Our experimental results show that most of the horse antibody light chain genes are lambda genes, and only a few are kappa genes. The results are consistent with the ratio of kappa gene to lambda gene in the horse light chain gene being about 1:20 as reported in the literature (Ford JE, Home WA, Gibson DM. light chain isotope alignment in the horse light chain. characterization of Ig kappa genes. the Journal of immunology.1994; 153: 1099-111).
From the results, the designed PCR primer for the equine single B cell antibody gene can effectively amplify the equine antibody gene to obtain a monoclonal antibody sequence, and the positive rate of obtaining the matchable heavy chain and light chain genes of the antibody is about 56%.

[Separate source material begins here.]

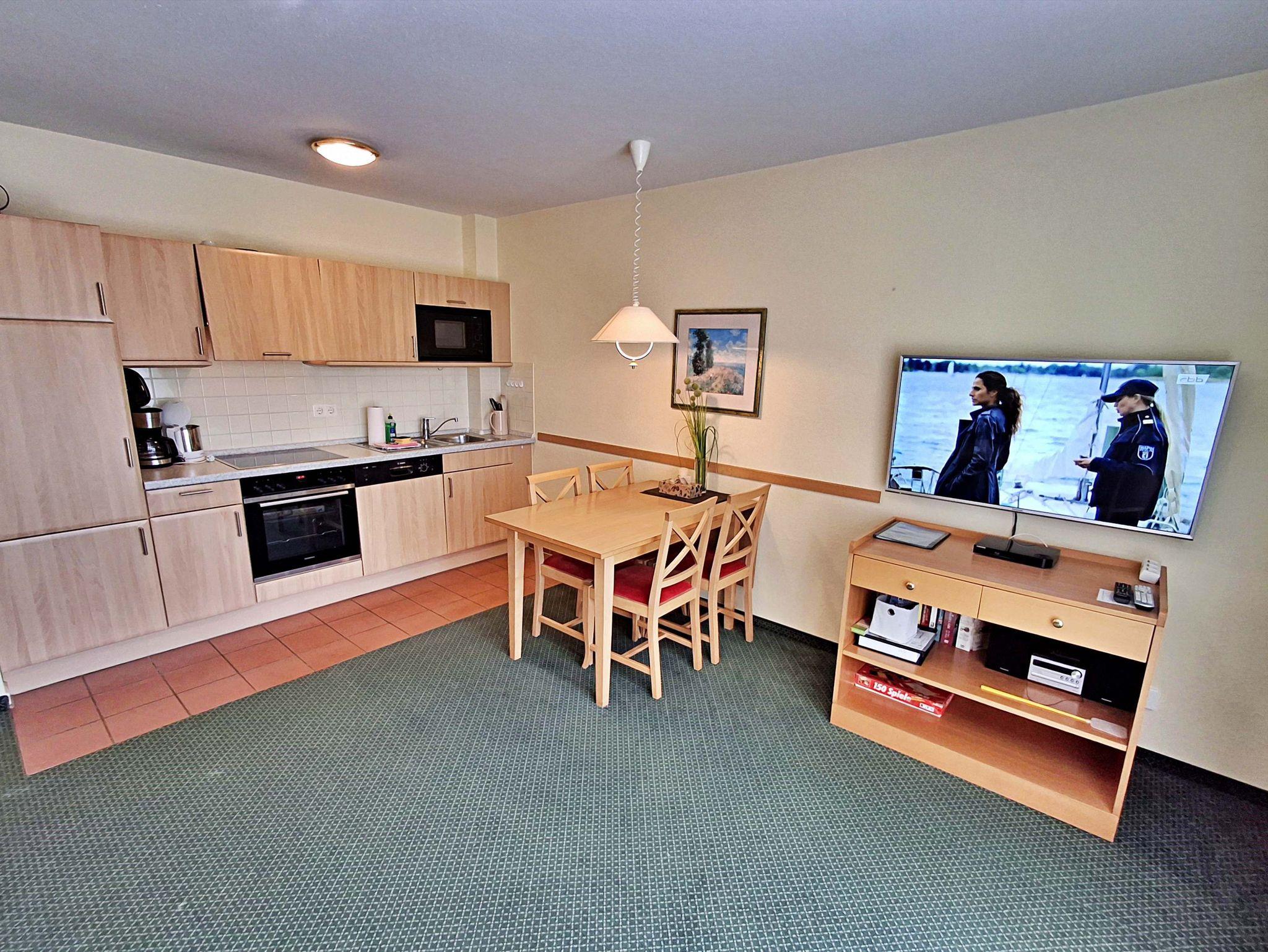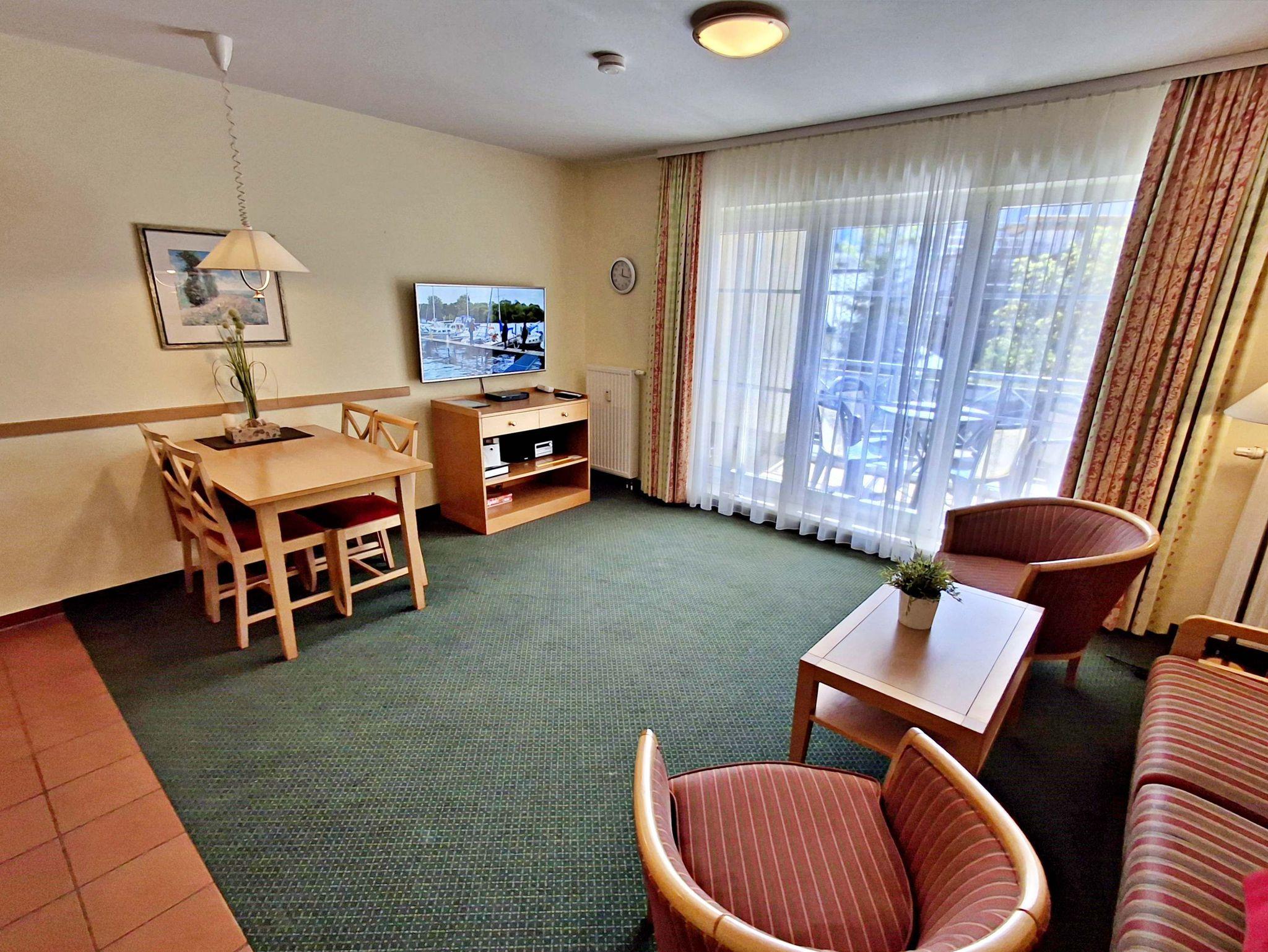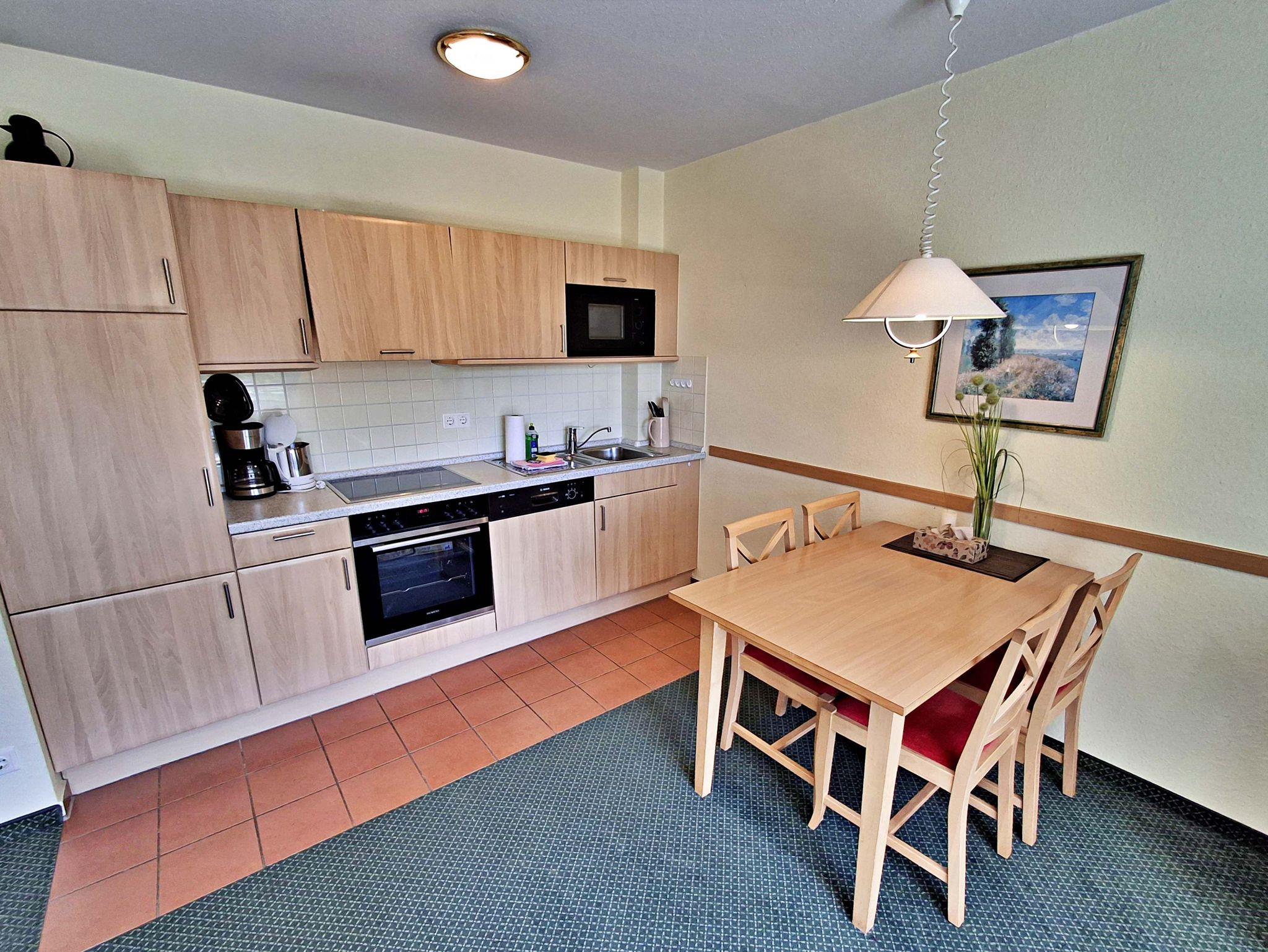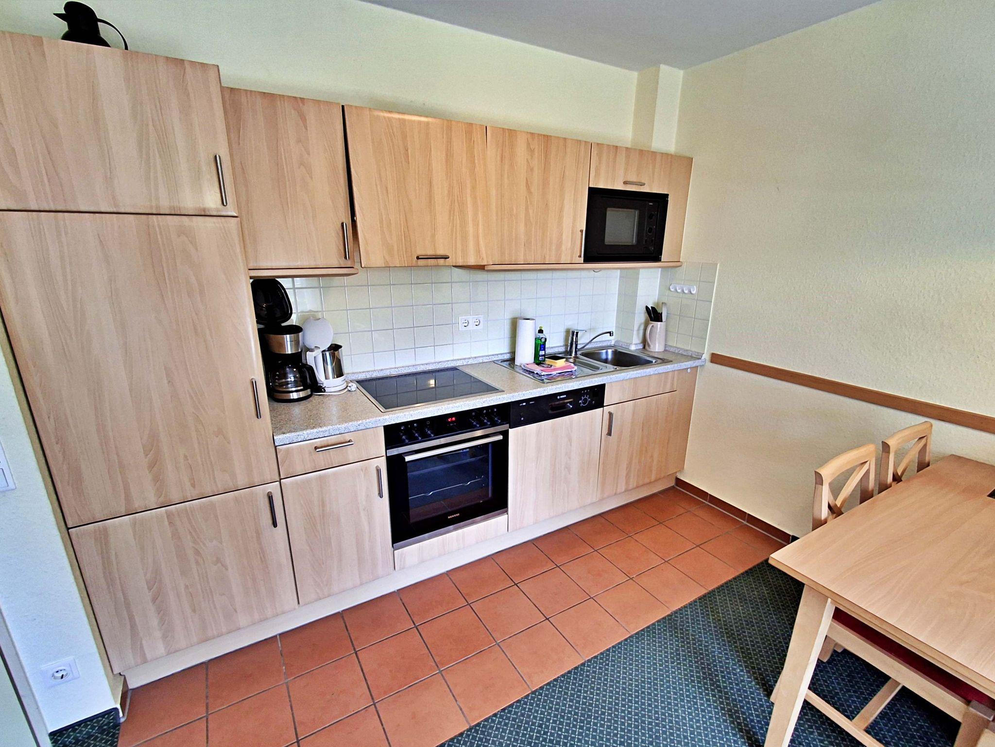 Die komfortable 3-Raum-Ferienwohnung mit Balkon befindet sich im zweiten Obergeschoss der Appartementanlage und ist für bis zu 4 Erwachsene und 1 Kleinkind bis 3 Jahre ausgestattet. Die Wohnung verfügt über ein Wohnzimmer mit gemütlicher Couch, Sessel und Esstisch mit 4 Stühlen. Für die Unterhaltung sorgen ein Flachbild-TV und Stereo-Anlage. Die vollständig ausgestattete Küchenzeile mit 4-Plattenherd, Backofen, Mikrowelle, Spülmaschine, Kühlschrank mit Gefrierfach lässt keine Wünsche offen. Im ersten Schlafzimmer befindet sich ein Doppelbett und im zweiten Schlafzimmer befinden sich zwei Einzelbetten sowie ein zusätzlicher Flachbild-TV. Das Bad ist mit Dusche/WC und Haarfön ausgestattet. Sie können bequem den Aufzug bis zur Wohnungstür nutzen.

Example 4 construction of antibody heavy and light chain Gene Linear expression System
The variable region gene positive to sequence analysis is put on a linear expression vector for expression.
First, linear Ig expression vector construction (see fig. 4):
1. heavy chain linear Ig expression vector composition: a CMV promoter, an Ig guide region, a heavy chain variable region, a heavy chain constant region and a BGH poly (A) signal peptide fragment.
2. Light chain kappa (κ) linear Ig expression vector composition: a CMV promoter, an Ig leader, a light chain kappa variable region, a light chain kappa constant region, and a BGH poly (a) signal peptide fragment.
3. Light chain lambda (λ) linear Ig expression vector construction: a CMV promoter, an Ig guide region, a light chain lambda variable region, a light chain lambda constant region and a BGH poly (A) signal peptide fragment.
4. The above fragments were assembled together by OverlappingPCR, respectively, using Pyrobest DNA polymerase (Takara), 50. mu.l system containing 1. mu.l of PCR product, 1. mu.l each of forward and reverse primers, C-H heavy chain, C-K light chain kappa, C-L light chain lambda and B-H, B-K, B-L1. mu.l each, 10 XBuffer 5. mu.l, 1. mu.l of dNTPs, and the remainder using ddH2And (4) complementing O. Reaction conditions are as follows: pre-denaturation at 94 ℃ for 3min, followed by 30 PCR cycles, each cycle: 94 ℃ X30 sec, 63 ℃ (V)H) Or 55 deg.C (V)κAnd Vλ) X 30sec, 72 ℃ x 120sec, and finally an extension of 10min at 72 ℃. The PCR product was then purified using a PCR purification kit (Qiagen) and then transfected.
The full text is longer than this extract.